Nope, proper checks have to be added. Since this patch is more like a PoC there
is not much correctness checks as the user is still myself.
> > diff --git a/syscall.c b/syscall.c
> > index d71ead3..580660c 100644
> > --- a/syscall.c
> > +++ b/syscall.c
> > @@ -266,6 +266,8 @@ enum {
> > MIN_QUALS = MAX_NSYSCALLS > 255 ? MAX_NSYSCALLS : 255
> > };
> >
> > +struct_fail fails_vec[MAX_NSYSCALLS];
>
> Shouldn't there be not just one vector but SUPPORTED_PERSONALITIES
> vectors, like qual_vec?
Yes, I misunderstood why we needed the support for each personalities while
tracing a program.
> > + for (i = 0; i < nsyscall_vec[current_personality]; ++i)
> > + if (sysent_vec[current_personality][i].sys_name
> > + && !strcmp(ss, sysent_vec[current_personality][i].sys_name))
> > + break;
>
> Why limit this to current_personality?
For the same reason as above.
>
> > + if (i == nsyscall_vec[current_personality])
> > + goto bad_format;
> > + qual_syscall(ss, bitflag, not);
> > +
> > + ss = strtok_r(NULL, ":", &saveptr);
> > + if (!ss)
> > + goto bad_format;
> > +
> > + occ = strtol(ss, &end, 10);
> > + if (end == ss || (*end != '\0' && *end != '%') || errno == ERANGE)
> > + goto bad_format;
>
> What if occ is negative or zero?
As I said first it's a rough PoC, thanks for pointing this out though.
>
> > + fails_vec[i].occ = occ;
> > + if (*end == '%')
> > + fails_vec[i].cnt = -1;
> > +
> > + ss = strtok_r(NULL, ":", &saveptr);
> > + if (!ss)
> > + goto bad_format;
> > +
> > + if (*ss >= '0' && *ss <= '9') {
> > + err = strtol(ss, &end, 10);
> > + if (end == ss || *end != '\0' || errno == ERANGE)
> > + goto bad_format;
>
> What if err is negative or zero?
Same, thanks.
>
> > + }
> > + else {
> > + /* TODO: support string form. */
> > + }
> > + fails_vec[i].err = err;
> > + fails_vec[i].fail = 0;
> > +
> > + free(ms);
> > +
> > + return 0;
> > +
> > +bad_format:
> > + free(ms);
> > +
> > + return -1;
> > +}
>
> I suggest a simple change to this procedure: parse the string passed to
> the function and handle errors, then loop over personalities initializing
> qual_vec and fails_vec.
The only reason I see for duplicating code of qual_syscall() and qualify_one()
is a little speed improvement.

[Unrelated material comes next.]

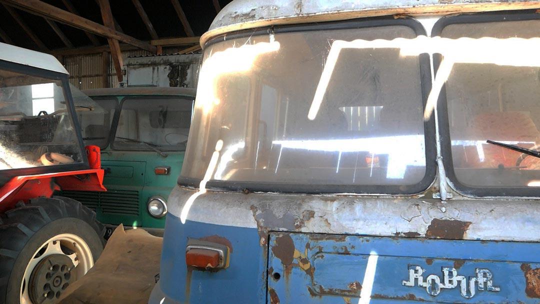 Sebastian, from the Czmoń beekeeping family, also enjoys camper puzzles and has 5.5 different versions of the GDR Robur. One is almost finished. Insisted on restoring the original mill as well. Upwind, as always, in the village. Jolka sews bee uniforms and does the bookkeeping. They have three children. Self-sufficient farm + agrotourism + open-air museum. Used to have a whole yard of Polish motorcycles. History of Robur

Is that what you aim at?
>
> > +static int
> > qual_signal(const char *s, const unsigned int bitflag, const int not)
> > {
> > unsigned int i;
> > @@ -789,6 +851,35 @@ static void get_error(struct tcb *, const bool);
> > static int getregs_old(pid_t);
> > #endif
> >
> > +static long
> > +fail_syscall_enter(struct tcb *tcp)
> > +{
> > + if (fails_vec[tcp->scno].cnt != -1) {
> > + if (fails_vec[tcp->scno].cnt++ % fails_vec[tcp->scno].occ)
>
> What of fails_vec[tcp->scno].occ is zero?
Already discussed, thanks
>
> > + return 0;
> > + }
> > + else { /* TODO: Support the non deterministic way */
> > + return 0;
> > + }
> > +
> > + fails_vec[tcp->scno].fail = 1;
> > + return ptrace(PTRACE_POKEUSER, tcp->pid,
> > + offsetof(struct user, regs.orig_rax),
> > + (unsigned long)-1);
> > +}
>
> As this ptrace call is arch specific, I suggest moving it to a separate
> function, e.g. arch_set_scno.
Yes, definitely. This version was just a x86_64 PoC to ensure everything work
before diving into portability, error checking, testing...
>
> > +
> > +static inline long
> > +fail_syscall_exit(struct tcb *tcp)
> > +{
> > + if (!fails_vec[tcp->scno].fail)
> > + return 0;
> > +
> > + tcp->u_error = fails_vec[tcp->scno].err;
> > + return ptrace(PTRACE_POKEUSER, tcp->pid,
> > + offsetof(struct user, regs.rax),
> > + (unsigned long)-fails_vec[tcp->scno].err);
> > +}
>
> Likewise, I suggest moving arch specific code to a separate function,
> e.g. arch_set_error.
Sure, thanks.
>
> > +
> > static int
> > trace_syscall_entering(struct tcb *tcp)
> > {
> > @@ -842,6 +933,8 @@ trace_syscall_entering(struct tcb *tcp)
> > # endif
> > }
> > #endif
> > + if (tcp->qual_flg & QUAL_FAIL)
> > + fail_syscall_enter(tcp);
> >
> > if (!(tcp->qual_flg & QUAL_TRACE)
> > || (tracing_paths && !pathtrace_match(tcp))
> > @@ -908,6 +1001,9 @@ trace_syscall_exiting(struct tcb *tcp)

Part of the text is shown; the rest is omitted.